Чуть отливающая голубизной.
Она появилась из земли перед моими глазами, замерзшая, расслабленная в последнем успокоении, словно земля вокруг нее была одеялом на смертном одре, куда ее положили с нежной заботой. Высохшая кровь запеклась под ногтями и на костяшках пальцев.
Психические образы Смерти начали ослабевать, как только я вступил в контакт с настоящим мертвым телом, посылавшим эти образы.
Глубина вырытой мною ямы была около полутора футов, и я начал тщательно разгребать землю, пока не добрался до второй руки, лежащей немного сверху первой… запястья… часть предплечья… наконец стало ясно, что покойника уложили в традиционной позе, сложив руки на груди. Спазмы страха сотрясали меня так, что стучали зубы. Я не мог ни вдохнуть, ни выдохнуть. Я начал копать от рук к голове.
Нос.
Широкий лоб.
Словно кто-то дернул струну – только не звук, а холодная дрожь прошла у меня по телу.
Я решил, что нет нужды разгребать всю землю с лица – еще открыв его наполовину, я понял, что передо мной тот самый тип – тот самый гоблин, – которого я убил в павильоне электромобилей две ночи назад.

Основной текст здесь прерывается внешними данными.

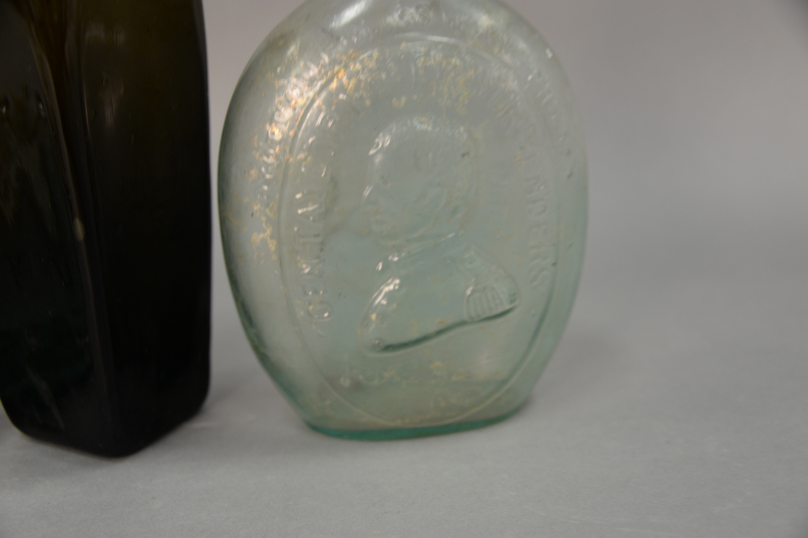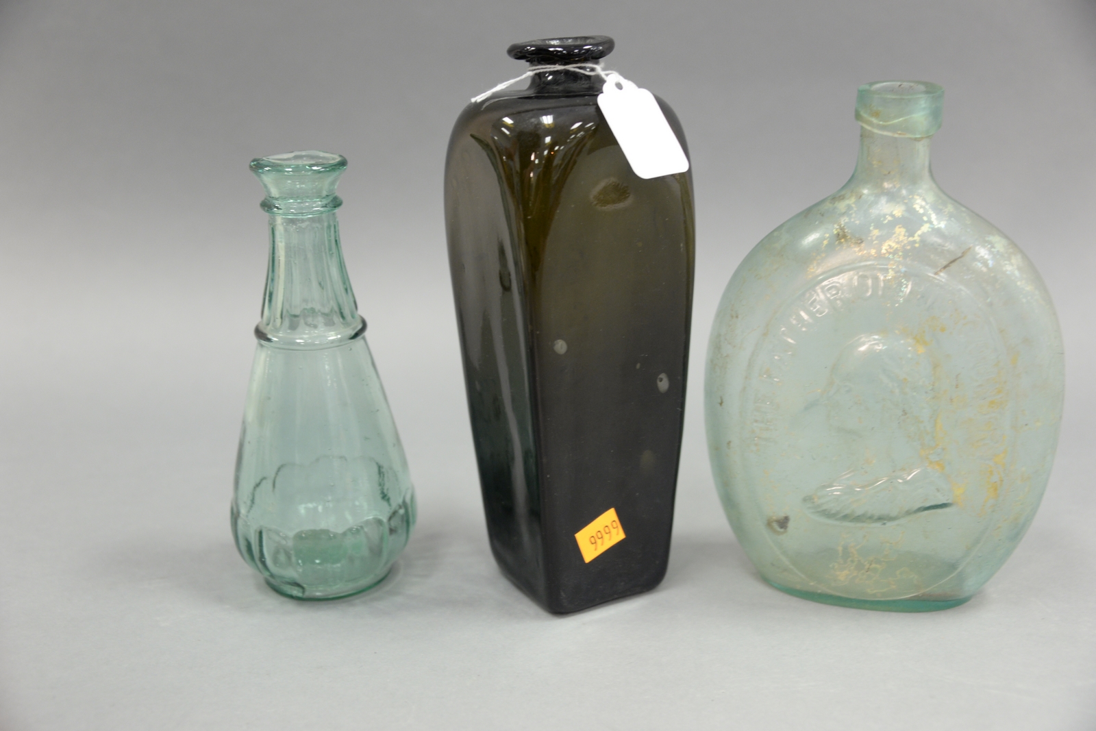Three bottles including George Washington The Father of His Country and two liquor bottles. ht. 7 1/2in. to 9in.
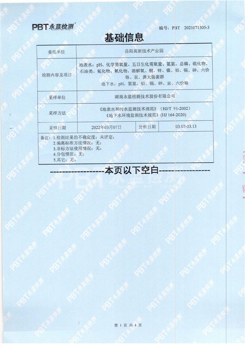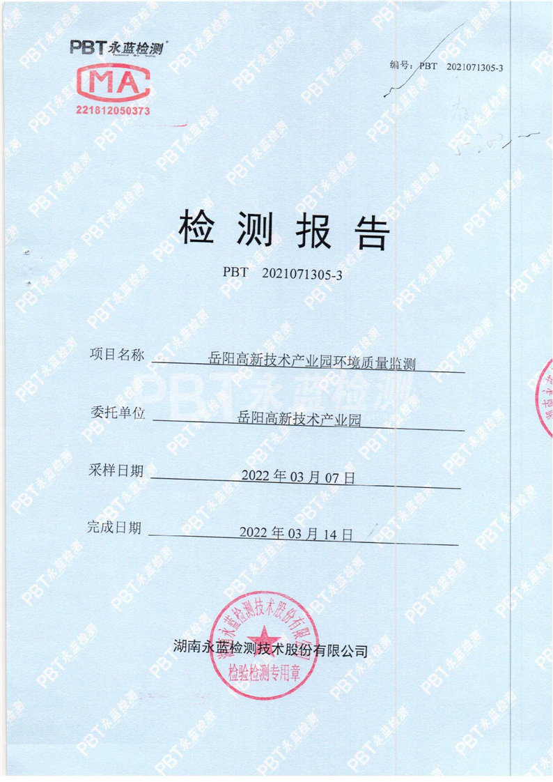 2022年度第一季度嶽陽高新技術產業園區環境質量監測

Его закрытые веки были подернуты тусклым налетом, как будто кто-то, обладающий извращенным чувством юмора, нанес ему на веки тени, прежде чем предать его земле. В одном уголке рта, схваченного трупным окоченением, застыла кривая усмешка, между зубами набилась земля.
Уголком глаза я заметил движение в другом углу палатки.
У меня перехватило дух. Я резко повернул голову по направлению к проходу между канатами, но никого не увидел. Я был твердо убежден, что заметил какое-то движение. И затем, не успел я даже встать на ноги и отойти от могилы, чтобы обследовать все, я снова заметил его – блуждающие тени метнулись с пола, покрытого ковром из опилок, на дальнюю стену палатки, затем обратно на пол. Скольжение теней сопровождалось низким стоном – словно некое порождение кошмаров проникло в четвертую комнату палатки и вихляющей походкой приближалось ко мне. Его не было видно из этого загончика, но отделяли его лишь несколько тяжелых шагов.
Джоэль Так?
Ясно, что именно он тайно похитил мертвого гоблина из павильона электромобилей и закопал его здесь. Я понятия не имел, зачем он это сделал – то ли чтобы помочь мне, то ли чтобы смутить меня, напугать меня, – и потому не мог составить окончательное мнение. Он мог быть и другом, и врагом.
Не отрывая глаз от открытой стороны загончика, ожидая, что в любой момент оттуда появится беда неизвестно в каком облике, я вслепую пошарил сбоку от себя в поисках ножа, который перед тем отложил в сторону.
Опять промелькнули тени, и опять их сопровождал тихий стон, но внезапно до меня дошло, что этот стон – всего-навсего похоронное завывание ветра, поднявшегося снаружи. Мечущиеся тени тоже были порождены ветром и не представляли опасности. Каждый сильный порыв ветра врывался внутрь палатки, и, проносясь по холстинному коридору, ветер колыхал голые лампочки, подвешенные к потолку. Раскачиваясь, лампочки на время давали жизнь ленивым теням.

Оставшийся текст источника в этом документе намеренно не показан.